Fred Urquhart examines a butterfly. Photograph by Bianca Lavies, National Geographic

It would be another year before the Urquharts could see the amazing sight for themselves. In January of 1976, they climbed high into the Sierra Madre, finally reaching the fir forests of remote Michoacan. And there they found the butterflies. They covered thousands of trees so thickly that branches were breaking beneath their weight. The forest floor was carpeted to a depth of six or eight inches. Millions and millions were clustered in a few square acres. An entire mountainside was one quivering mass of butterflies; golden-orange showers poured off the trees whenever they were touched by the sun.

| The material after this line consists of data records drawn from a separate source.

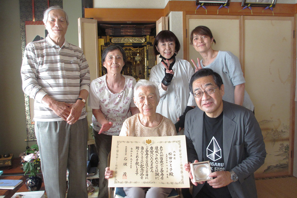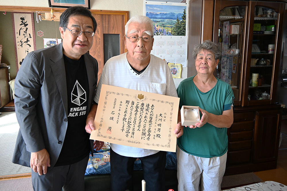 敬老の日に合わせて、今年度中に100歳の節目を迎える方14人に、内閣総理大臣からお祝い状と銀杯が送られ、佐々木修一遠軽町長から皆さんに手渡されました。
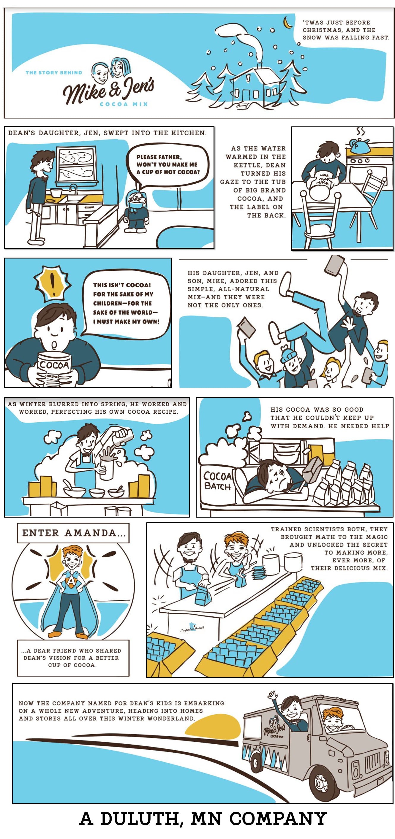 It all began back in 2012, when Mike and Jen were just 9 and 11, hand mixing & packaging our mix at a local church basement. We attended MANY local art fairs and markets and soon Mike and Jen's was carried in a handful of local gift shops. By 2016, our family cocoa mix was available in 10 local Duluth, MN stores including our local grocery store. (we thought we were a pretty big deal!)
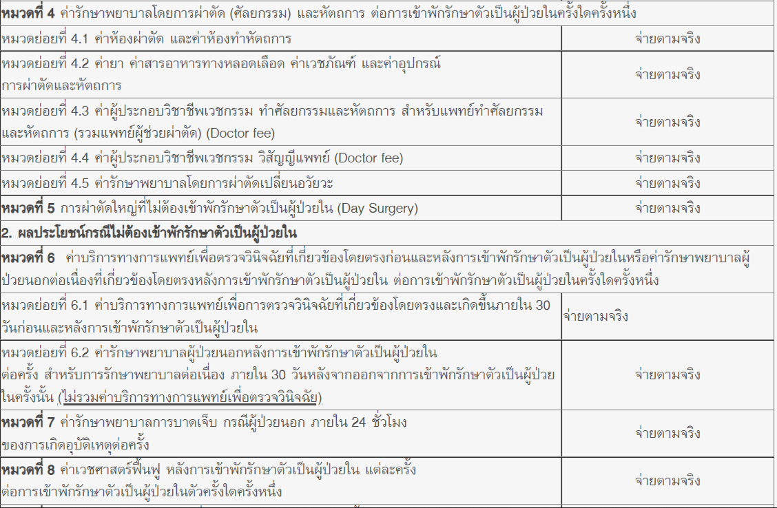 2. ผลประโยชน์กรณีไม่ต้องเข้าพักรักษาตัวเป็นผู้ป่วยใน
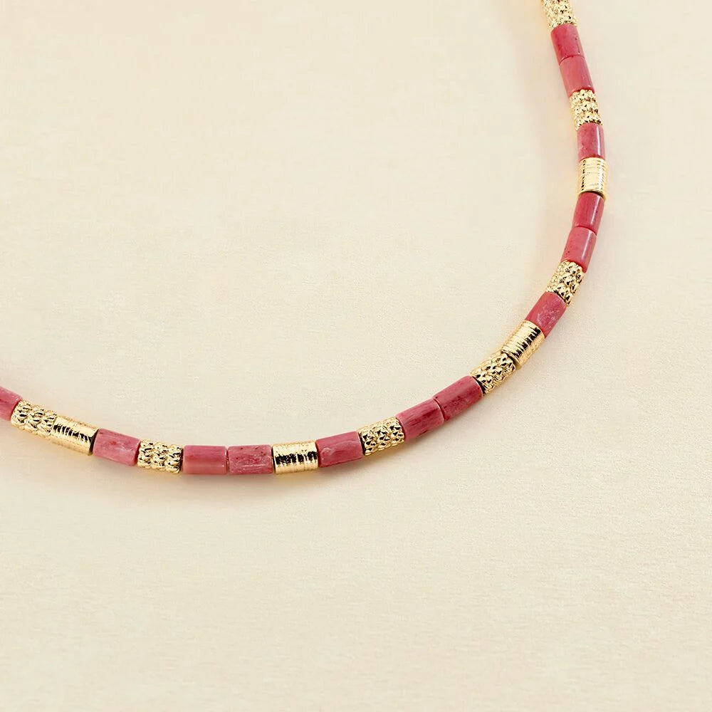 Collar Agatha Paris Petra con tubos de piedras naturales y metal acabado en oro.
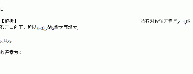 < 【解析】函数对称轴方程是x=1,函数开口向下,所以x<0,y随x增大而增大. y1<y2. 故答案为<.
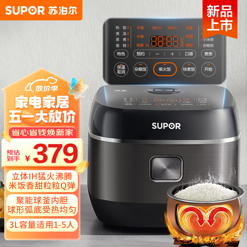 苏泊尔(SUPOR)电饭煲家用3-4个人电饭锅IH加热3L铜晶球釜内胆升级活芯浸泡杂粮饭家用智能电饭煲SF30HC0952价格:379.00元!
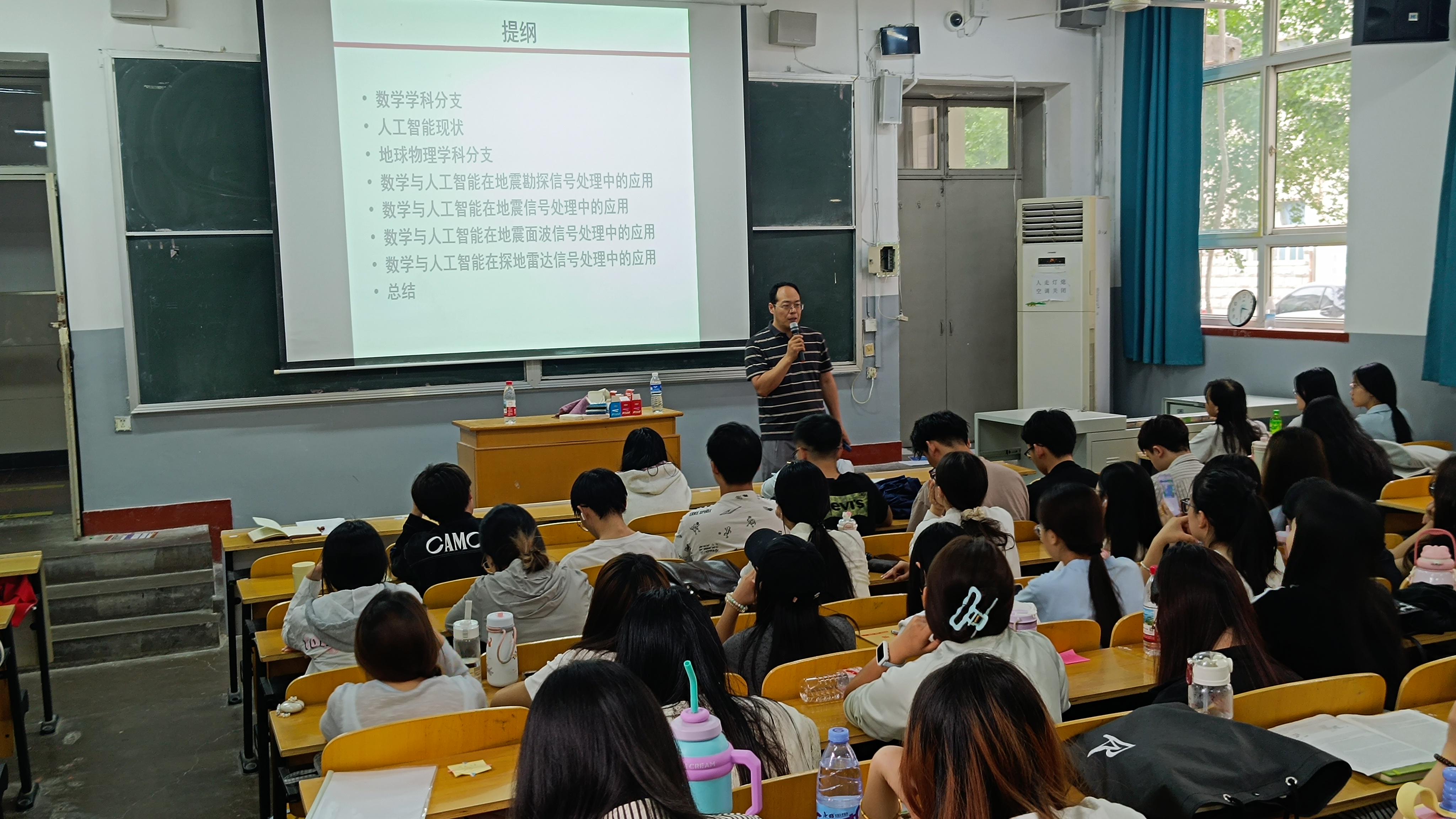 曹静杰首先讲解了数学与应用数学专业二级学科目录,之后,结合自身的求学经历回顾了从事数学专业学习与研究方向的选择历程,鼓励同学们学好数学专业基础知识,在学科交叉领域寻找发展方向。他从数学与其他学科的联系出发,分享了数学与人工智能发展的关系,介绍了他所从事的研究领域---数学与地球物理;从数学与人工智能在地震勘探信号处理中的应用、数学与人工智能在地震信号处理中的应用、数学与人工智能在地震面波信号处理中的应用和数学与人工智能在探地雷达信号处理中的应用等四个方面,详细阐述了数学在这些领域中的价值和意义。

The sensational discovery that nearly the entire population of eastern North American monarch butterflies overwintered in one remote mountain range was announced to the world in the August 1976 issue of National Geographic. Scientists were finally able to understand the life history of this elusive insect, and the Mexican government soon declared the site to be a conservation area.

A dozen such sites have now been found, all nestled within these same mountains. They are as fragile as their winter inhabitants, and official protection has sometimes been a matter of name only. Illegal logging, for example, has been decimating the fir forests, with worrisome consequences for the monarchs. Nevertheless, hundreds of thousands of ecotourists make their way to these remote slopes, and many reportedly break into tears at the beautiful sight. Environmental groups are also working to raise awareness about the threats facing monarchs and what people can do to help them.

The “international traveler,” as the monarch has been called, has become an “ambassador” species, stimulating closer cooperation between the conservationists of three nations: Canada, the U.S., and Mexico. Thanks go to the pioneering Fred Urquhart, who died in 2002 at the age of 90.

3 thoughts on “The Case Of The Disappearing Butterflies

  1. Beautiful!!! Taking so much efforts for this little creature got me goosebumps … Especially at the statement “We have found them” …

    1. I have lived in the mid west U.S. all my 69 years and each year I have seen the butterfly, grasshopper,bumblebee,minnow,frog and turtle population dwindle to almost nothing…this year I count 5 little white butterflies so far in a field that used to be filled with every kind of insect species…now there are none….how very sad for the children who will never know the joy of chasing butterflies on a summer day. I’m actually glad to be closer to death because it hurts to see our environment destroyed by pollution and pesticides for the sake of monetary profit…SHAME on us all!